Serving ML Models in Production with FastAPI and Celery - [Eng]
Overview
This article talks about how to implement Machine Learning in a real project. An example to implement a Machine Learning model using Celery and FastAPI. All the code can be found in the archive here. Github. Vietnamese version
can be read at Vie.
In this tutorial we use the object-detection model trained with Tensorflow base on Coco Dataset. In general, it is an object recognition model with about 80 classes such as dogs, cats, birds (birds), chickens, ducks … Instructions to train the model are not mentioned in this article.
Asynchronous
The goal is to build the service asynchronously: instead of directly returning a prediction (the client calls the ML Service and waits for the service to return the result), the ML Service returns a unique identifier (task_id) for the a mission. While the prediction task is being completed by the ML Service (Worker Node), the Client is free to continue processing other tasks for example sending another prediction request. The steps below describe the actions taken to process a prediction (internet source image):
- The client application sends a POST request to the FastAPI endpoint, depending on the request sends to the API service different content in this case uploading an image to be predicted.

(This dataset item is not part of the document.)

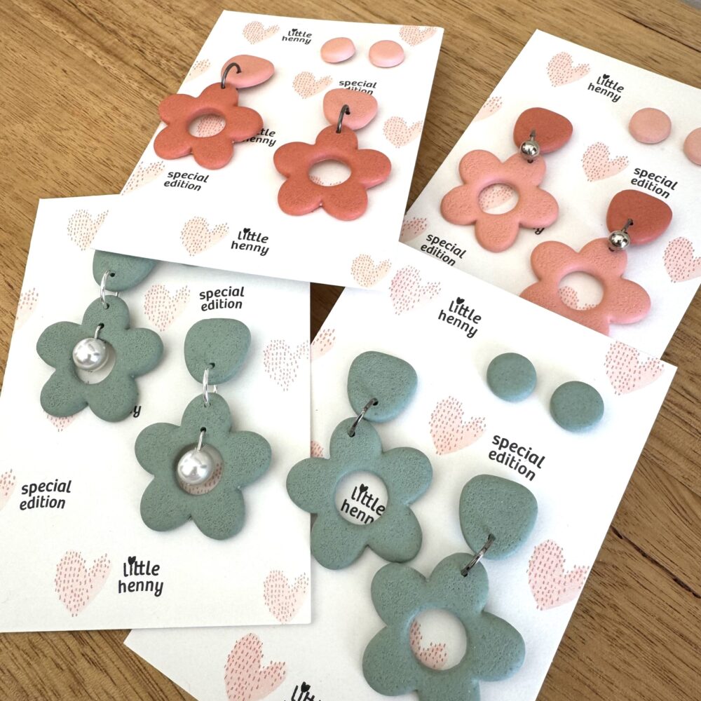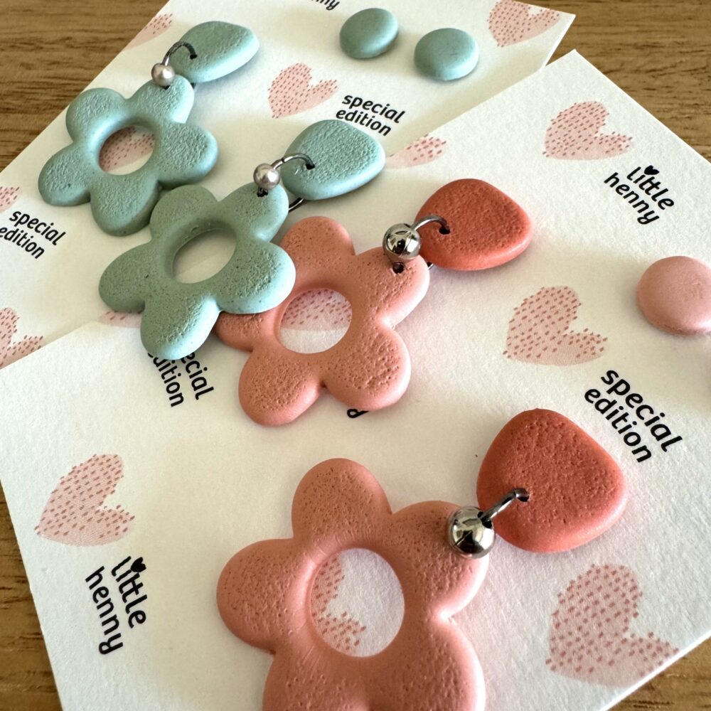 Pretty petals to inspire you for Spring! Textured polymer clay flower dangles and matching studs with stainless steel posts and comfort backs for a secure hold. Flower measures approximately 32 mm diameter with a 10 mm hole. Rounded triangle stud tops measure 15 mm at widest point. 10 mm bonus studs (same size as my popular signature small studs). Lightweight design. Carefully sanded for smooth edges. Based on your feedback preferences, some pairs feature a bead adornment and some don’t! It’s not often you get two pairs of neatly handcrafted earrings for this price.
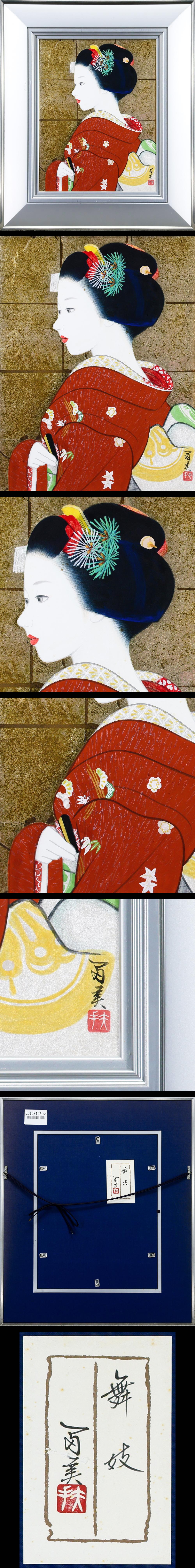 【真作】【WISH】倉田冨美「舞妓」日本画 約6号 金箔・金泥仕様 プラチナ泥 共シール ◆気品ただよう美人名画 〇日輝展会員 #25123195 收藏

- FastAPI validates the information and saves the image to the archive (eg: Nas, HDFS…). If the validation is successful then a prediction task will be created and moved to the Broker - Message queue (e.g. RabbitMQ).
- At the same time, the API service also creates a unique task_id and returns the client if the Celery task creation is successful.
- The prediction task is assigned by the Broker to one of the Worker Nodes (here you can have multiple worker nodes). Once the task is distributed, the worker generates a prediction using the previously trained ML model.
- Once a prediction has been generated, the results are stored in the Celery backend (eg Redis).
- At any point after step 3, the Client can start examining the results from another FastAPI endpoint using the unique task_id received from the previous API service. Once the prediction is ready, it will be returned to the Client.
Let’s start
I continue to use Docker to develop this application.
- First proceed to clone the repo to:
# clone git repo and goto root path
git clone https://github.com/apot-group/ml-models-in-production.git
cd ml-models-in-production
- The project structure includes:
├── ml-api -> Contains code of FastAPI service config at ml-api/app/environment.env
├── ml-celery -> Contains code of Celery Worker config at ml-celery/app/environment.env
├── ml-client -> Contains Client's code
├── ml-storages -> Create a shared storage like file system service
├── upload
├── object-detection
├── docker-compose.yaml -> run service with this!
...
- Next, we need to build the entire service with docker-compose:
docker-compose build && docker-compose up
Since building the image from scratch, this can take a while. After executing the docker-compose up command, the services will start. It can take a while before everything is up and running.
| Service | URL | User/Password |
| -------------| ----------------------------|---------------------------------|
| Client | http://localhost | ml_user/CBSy3NaBMxLF |
| API | http://localhost/api/docs | None |
- Finally, login to http://localhost with user “ml_user” and pass
CBSy3NaBMxLF
select the file you need to predict and see the results.
Note that the first image predicted will take some time because Celery needs time to load the ML model into memory. From the 2nd image onwards the service runs pretty fast.
This is just a reference example of the approach to implementing an ML model. In fact requires more things. Hope this article can help you something. Cordially greet and to win!